Please check this thread out for the above query.

It would be wrong to say that in every case, ReLU is better than the Sigmoid activation function, since it really depends on the use-case. For instance, if you want to train a neural network for binary classification, you will want your neural network to produce output between 0 and 1, which can be done with **Sigmoid** but not **ReLU** as the activation function in the output layer.

But in general, for a majority of use-cases, we will find that ReLU performs better than sigmoid, and the reasons are multiple.

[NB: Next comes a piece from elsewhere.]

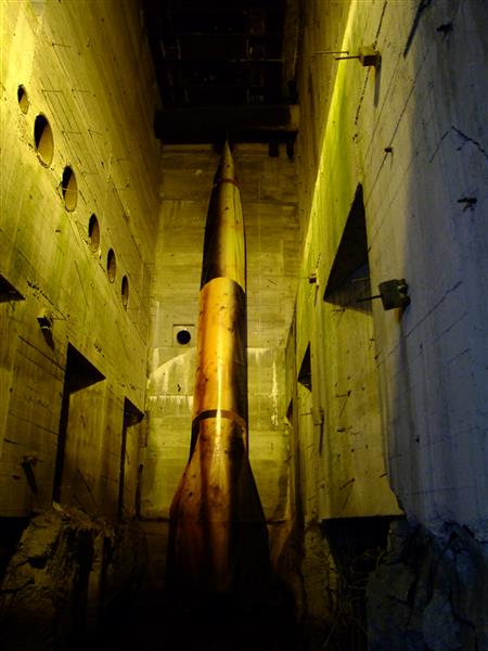 Une maquette à l'échelle 1 d'un V2. Les fusées V2 assemblées devaient sortir du bunker par ce passage (qui a été muré après le bombardement)

- In the case of Sigmoid, the activations get squeezed to the range of (0, 1), and you will find that when we back-propagate through the network, the derivative of \sigma(z) is \sigma(z) (1 - \sigma(z)). So, essentially, we are using the sigmoid function as is during the back-propagation.
- This means that during the back-propagation, the gradients will get multiplied with small numbers between 0 and 1 repeatedly, which will lead the gradients to be very small, also known as the issue of “vanishing gradients”.
- Additionally, you will find that during forward propagation, in the case of sigmoid, you have to compute the exponential, but in the case of ReLU, you only have to compute the maximum element, which is much less computationally expensive than the former.
- The same reason can be applied for the backprop part. For calculating the gradients, you have to compute the exponential in the case of sigmoid, but in the case of ReLU, only a comparison operation needs to be done.

I hope you have got a sense by now, why ReLU is better than Sigmoid. If you find any of these reasons confusing as of now, please feel free to skip them since all of them will be discussed in Course 2 in a great depth.

Now, coming to your first query, i.e.,

It’s actually **averaging** across different examples that we are doing, and not **simple addition**. This is because we have the gradient for each example in a mini-batch, and we want to take the contribution from the gradient corresponding to each of the examples, in order to update the weights.

Now, in your opinion, if we have 5 values of a particular gradient, and we want to use all the values to update the weight, how do you think, we should combine the gradients so that each and every gradient has an equal contribution?

I hope this resolves your first query as well.

Cheers,

Elemento